What if she tried to cook something and seriously hurt herself? Or fell downstairs or something and no-one checked on her for ages? Or answered the door to a weirdo?

I really think you have a responsibilty to do something now that you know. Law or not, it's just not safe or sensible to leave such a little one alone. Especially because if something DID happen, you could be cast (very unfairly obviously, but the press go mad on "home alone" stories) as the "slavedriving" employer she was working for instead of caring for her child. Bit dramatic I know, but it's good to cover yourself...
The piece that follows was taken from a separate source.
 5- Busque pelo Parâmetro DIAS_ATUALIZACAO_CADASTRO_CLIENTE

There's an NSPCC guidance leaflet you could sit down and go through with her:

www.nspcc.org.uk/HelpAndAdvice/Parentsandcarers/HomeAlone/homealone_wda35965.html

Part of which states:

"Most children under about
13 are not mature enough
to cope with an emergency
and should not be left alone
for more than a very short time."

Good luck with handling this.

pingping · 04/11/2008 09:44

Its against the law to leave a child under the age of 12 without someone over the age 16 looking after them.
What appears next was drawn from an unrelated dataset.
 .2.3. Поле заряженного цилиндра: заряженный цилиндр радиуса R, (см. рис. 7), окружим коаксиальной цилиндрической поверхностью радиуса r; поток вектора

I would inform her of this.

pingping · 04/11/2008 09:48

I only know this because an Ex Friend of mine was leaving her DC's 4 and 8 alone all day whilst she worked and someone reported her and SS took them off her.

I think she has got her children back now

stitch · 04/11/2008 09:51

i think you need to tell her that it is not ok to do this in this country. someone needs to be witht he six year old at all times. state it explicitly.
i dont kow about india, but in pakistan, it is not considered ok to leave a six year old on their own. if neessary, they will beleft with a neighbour, or an odler siblings, 10 or 11. but never on ehteir own.

DaisyMooSteiner · 04/11/2008 09:52

See this story from just last week!

onager · 04/11/2008 09:57

Pingping, that would mean that an 11 year old couldn't go to school on their own so I doubt there is any such law. If you read the other posts apparently there is only advice on best ages.

cantpickyourfamily · 04/11/2008 09:59

that is terrible to leave a 6year old child alone. maybe in india she did it and it was fine, but I agree with other posters maybe you should tell her it is not normal to do that in this country.